**Data excerpts**
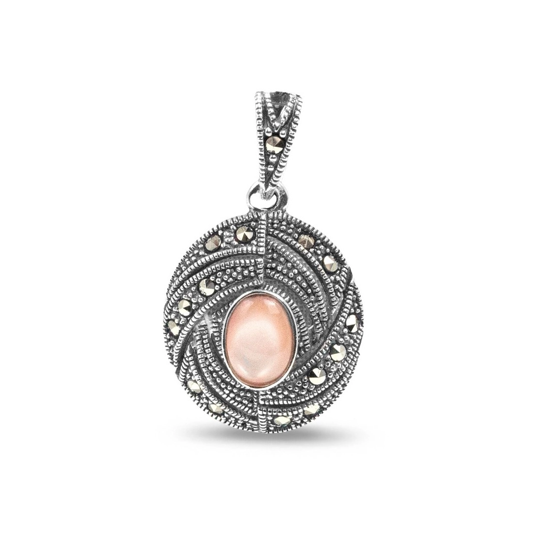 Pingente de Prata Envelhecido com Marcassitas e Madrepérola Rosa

* * *

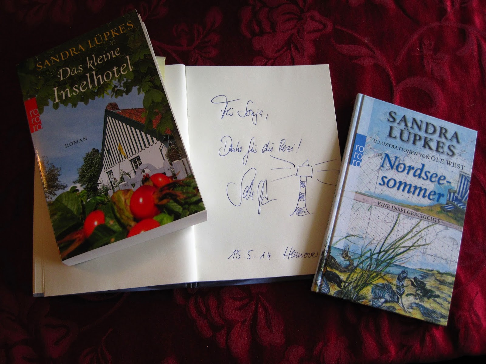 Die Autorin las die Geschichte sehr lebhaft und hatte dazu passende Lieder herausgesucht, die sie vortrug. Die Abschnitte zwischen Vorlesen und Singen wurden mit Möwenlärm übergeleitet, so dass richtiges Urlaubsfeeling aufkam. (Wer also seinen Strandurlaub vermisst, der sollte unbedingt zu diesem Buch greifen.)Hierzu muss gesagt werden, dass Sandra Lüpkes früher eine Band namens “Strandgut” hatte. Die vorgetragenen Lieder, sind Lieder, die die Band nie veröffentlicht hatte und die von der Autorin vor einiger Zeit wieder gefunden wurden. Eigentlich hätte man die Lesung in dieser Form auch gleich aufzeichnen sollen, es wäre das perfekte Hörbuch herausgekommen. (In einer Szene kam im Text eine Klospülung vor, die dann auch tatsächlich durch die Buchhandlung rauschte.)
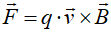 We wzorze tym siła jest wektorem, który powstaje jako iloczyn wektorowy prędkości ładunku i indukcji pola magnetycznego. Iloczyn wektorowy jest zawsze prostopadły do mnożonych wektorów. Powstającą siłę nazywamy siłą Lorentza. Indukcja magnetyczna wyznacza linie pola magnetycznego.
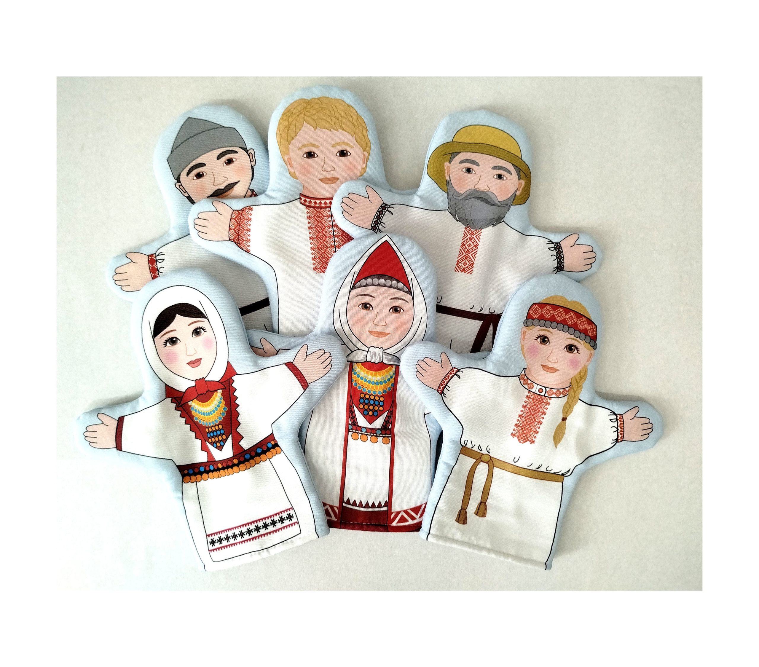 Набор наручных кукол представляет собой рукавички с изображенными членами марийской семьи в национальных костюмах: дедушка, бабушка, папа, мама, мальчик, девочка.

...

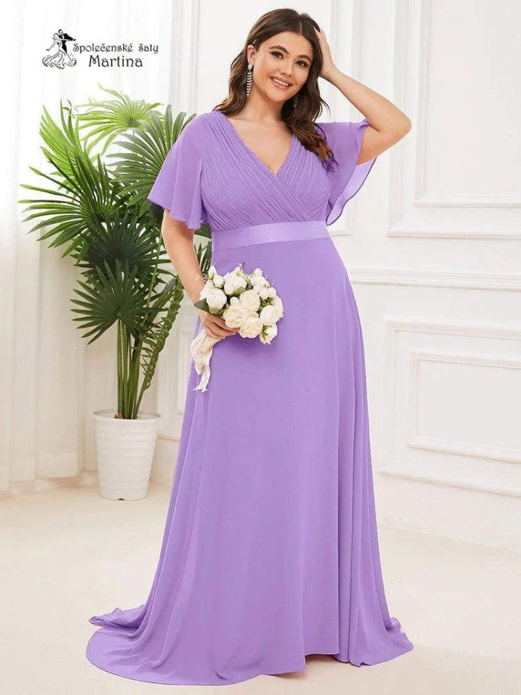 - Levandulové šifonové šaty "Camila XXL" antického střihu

**What is needed**
Only the lines between the one with "We wzorze tym" and the one with "Набор наручных кукол", those two included, get copied from the material above. Keep it exact and free of pictures.

**Solution for this task**
 We wzorze tym siła jest wektorem, który powstaje jako iloczyn wektorowy prędkości ładunku i indukcji pola magnetycznego. Iloczyn wektorowy jest zawsze prostopadły do mnożonych wektorów. Powstającą siłę nazywamy siłą Lorentza. Indukcja magnetyczna wyznacza linie pola magnetycznego.
 Набор наручных кукол представляет собой рукавички с изображенными членами марийской семьи в национальных костюмах: дедушка, бабушка, папа, мама, мальчик, девочка.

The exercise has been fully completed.